2. Octopuses can be trained to retain memory

Research over the past 70 years has shown that octopuses can be trained to perform simple tasks. In a specific experiment, they can be taught to press a lever to be rewarded.


The octopus has also undergone vision tests in which it remembers a simple task and for this one eye is closed first and then the other. It was a long experiment, but the octopus performed better than other animals, such as pigeons.


3. They are very naughty

Three octopuses were included in the above lever experiment. They were named Albert, Bertrim and Charles.
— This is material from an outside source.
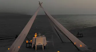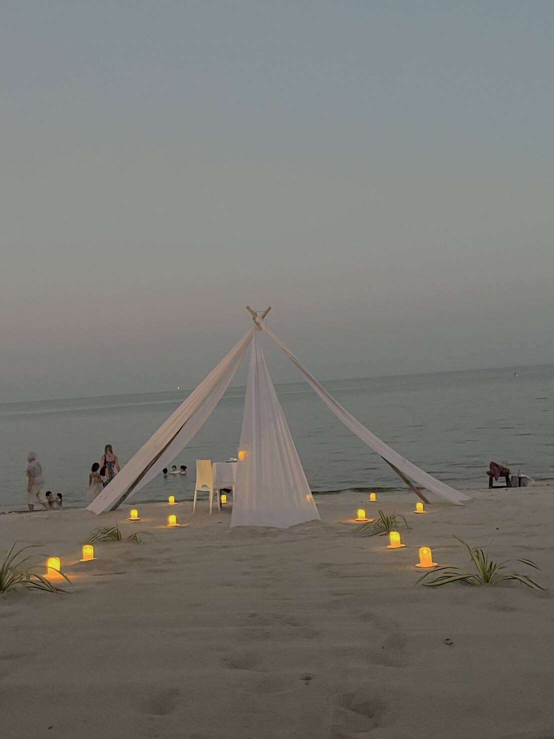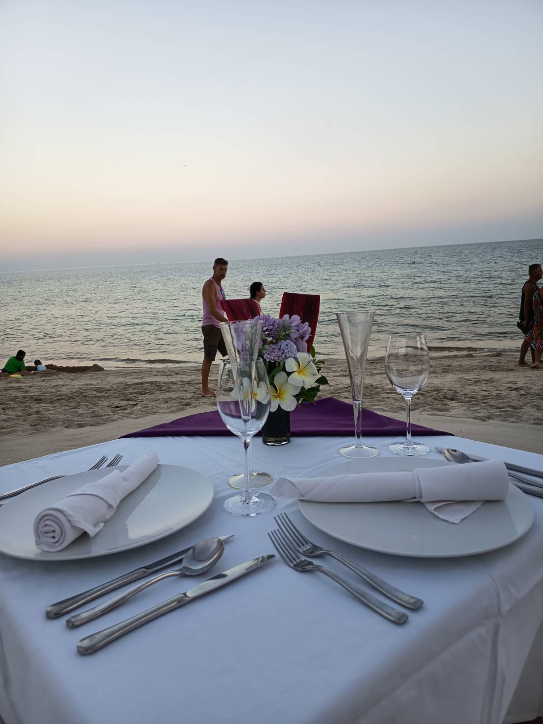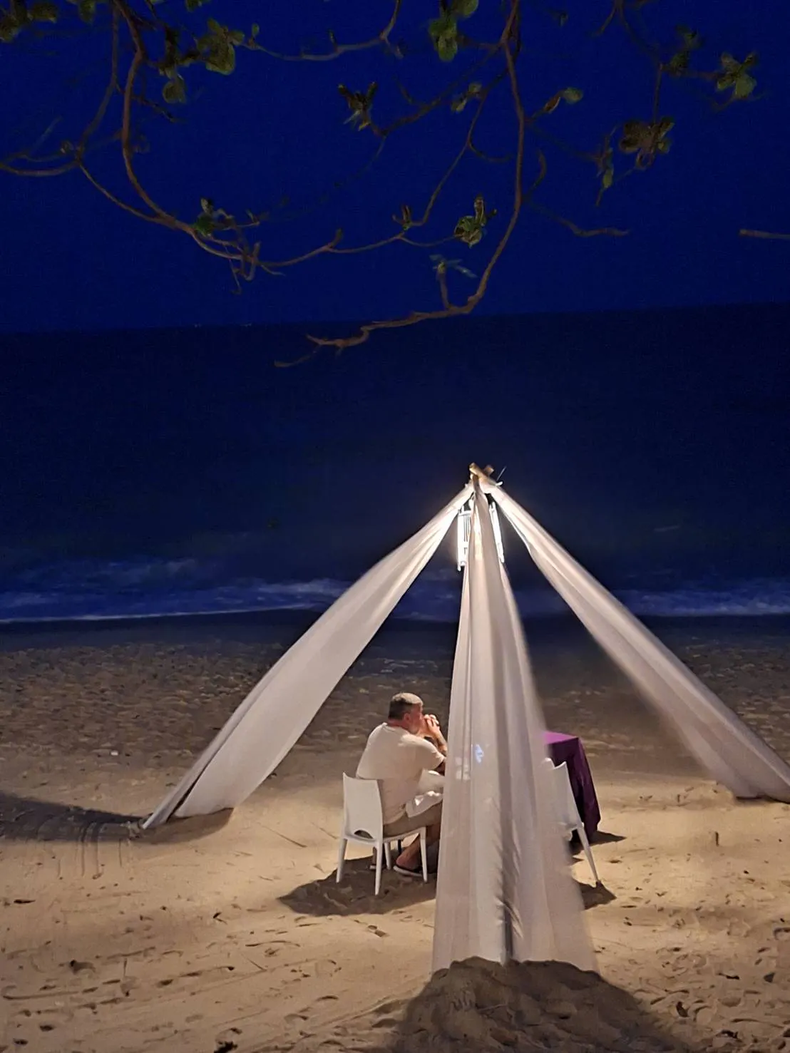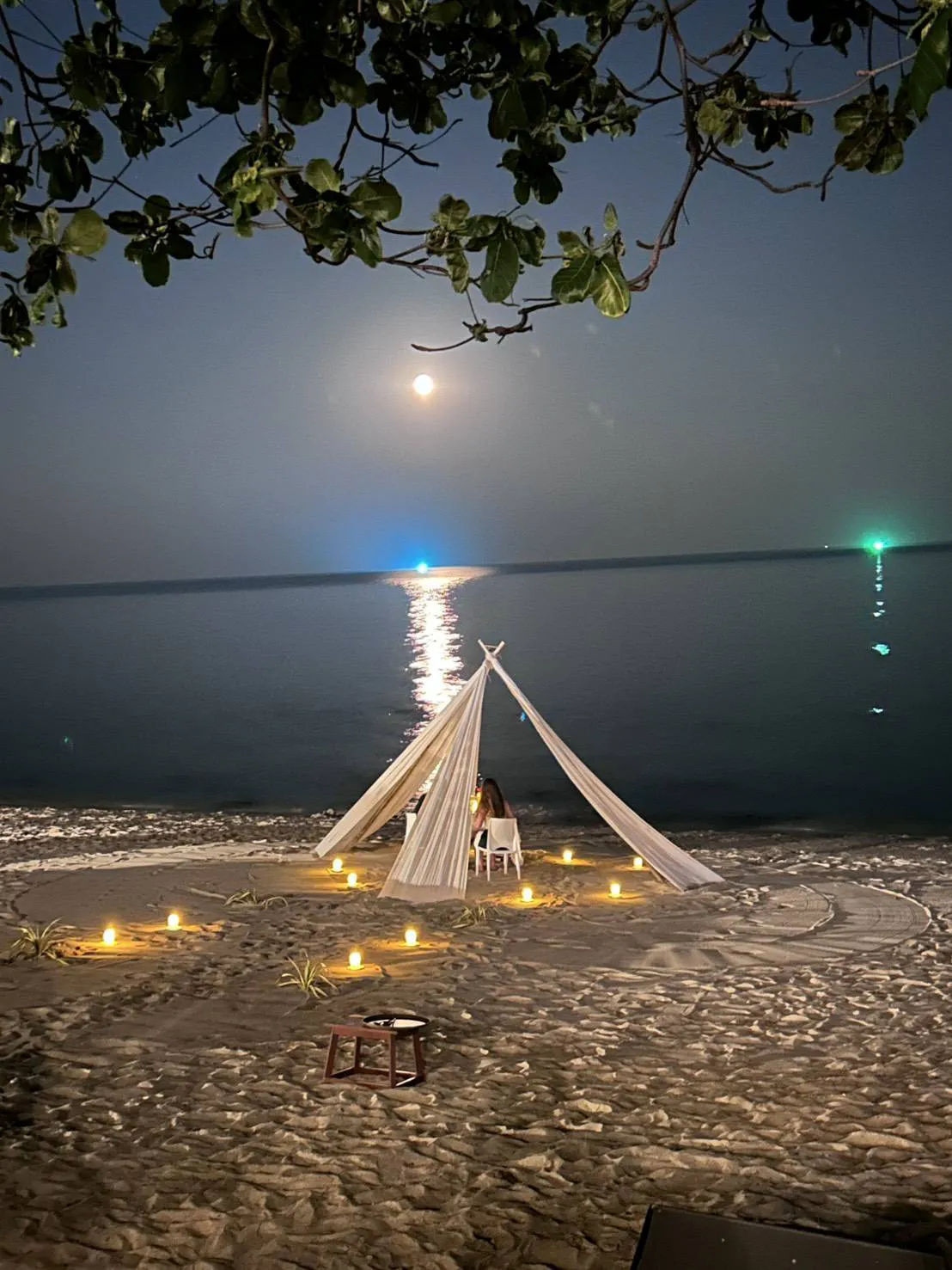 Best time to enjoy sunset + candlelight dinner by the sea.

Albert and Bertram continued to succeed, but Charles sometimes failed to reach his goal and at one point broke his lever.


In addition, anyone who was experiencing it that day, Charles would hit him with streams of water.


Many aquariums have complaints about octopus mischief, such as striking water bulbs to turn off the lights in the room or short-circuiting through the water. At the University of Otago in New Zealand, it was so expensive that an octopus had to be released back into the sea.


4. Octopuses recognize different humans

An octopus in the same lab in New Zealand did not like a particular person on the lab staff. Apparently, there was no reason for that. Whenever the man passed by, he would throw about half a gallon of water on the man's back.


5. Octopus loves to play

Given his naughty nature, it is not surprising that he also enjoys playing. Some octopuses have been seen throwing empty bottles from one place to another in their tanks.


6. They join hands to have children

You can tell if an octopus is male or female by having grooves under its third arm.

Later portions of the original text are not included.